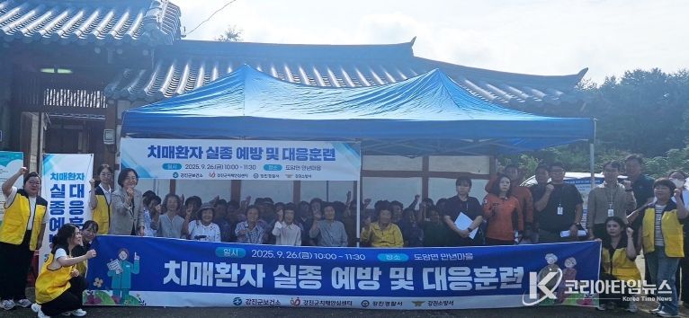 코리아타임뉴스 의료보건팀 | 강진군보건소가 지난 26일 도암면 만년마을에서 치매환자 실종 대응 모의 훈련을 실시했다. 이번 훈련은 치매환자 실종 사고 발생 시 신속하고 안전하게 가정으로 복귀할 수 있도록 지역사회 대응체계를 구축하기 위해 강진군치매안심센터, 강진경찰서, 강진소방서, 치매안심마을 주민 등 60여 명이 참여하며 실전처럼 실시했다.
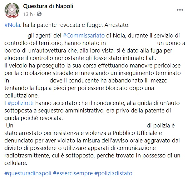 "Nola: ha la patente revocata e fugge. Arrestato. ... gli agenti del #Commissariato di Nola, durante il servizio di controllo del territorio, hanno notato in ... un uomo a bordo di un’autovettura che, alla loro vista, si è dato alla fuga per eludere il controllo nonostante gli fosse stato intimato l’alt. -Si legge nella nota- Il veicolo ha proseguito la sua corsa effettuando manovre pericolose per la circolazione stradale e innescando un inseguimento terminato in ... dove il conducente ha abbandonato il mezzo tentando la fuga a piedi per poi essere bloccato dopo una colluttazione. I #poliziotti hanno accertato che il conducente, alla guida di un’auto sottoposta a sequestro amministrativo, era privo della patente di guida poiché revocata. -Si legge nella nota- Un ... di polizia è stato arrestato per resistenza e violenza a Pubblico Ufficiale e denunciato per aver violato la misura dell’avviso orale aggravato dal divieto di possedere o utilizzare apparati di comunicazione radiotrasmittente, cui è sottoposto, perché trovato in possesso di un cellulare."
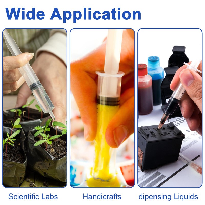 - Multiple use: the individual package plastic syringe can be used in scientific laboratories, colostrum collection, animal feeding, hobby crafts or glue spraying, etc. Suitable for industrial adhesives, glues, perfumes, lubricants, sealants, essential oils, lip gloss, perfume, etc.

→ Exercise directions:
Reproduce the whole listing verbatim and keep all pictures out of it.

→ Exercise result:
 코리아타임뉴스 의료보건팀 | 강진군보건소가 지난 26일 도암면 만년마을에서 치매환자 실종 대응 모의 훈련을 실시했다. 이번 훈련은 치매환자 실종 사고 발생 시 신속하고 안전하게 가정으로 복귀할 수 있도록 지역사회 대응체계를 구축하기 위해 강진군치매안심센터, 강진경찰서, 강진소방서, 치매안심마을 주민 등 60여 명이 참여하며 실전처럼 실시했다.
 "Nola: ha la patente revocata e fugge. Arrestato. ... gli agenti del #Commissariato di Nola, durante il servizio di controllo del territorio, hanno notato in ... un uomo a bordo di un’autovettura che, alla loro vista, si è dato alla fuga per eludere il controllo nonostante gli fosse stato intimato l’alt. -Si legge nella nota- Il veicolo ha proseguito la sua corsa effettuando manovre pericolose per la circolazione stradale e innescando un inseguimento terminato in ... dove il conducente ha abbandonato il mezzo tentando la fuga a piedi per poi essere bloccato dopo una colluttazione. I #poliziotti hanno accertato che il conducente, alla guida di un’auto sottoposta a sequestro amministrativo, era privo della patente di guida poiché revocata. -Si legge nella nota- Un ... di polizia è stato arrestato per resistenza e violenza a Pubblico Ufficiale e denunciato per aver violato la misura dell’avviso orale aggravato dal divieto di possedere o utilizzare apparati di comunicazione radiotrasmittente, cui è sottoposto, perché trovato in possesso di un cellulare."
 - Multiple use: the individual package plastic syringe can be used in scientific laboratories, colostrum collection, animal feeding, hobby crafts or glue spraying, etc. Suitable for industrial adhesives, glues, perfumes, lubricants, sealants, essential oils, lip gloss, perfume, etc.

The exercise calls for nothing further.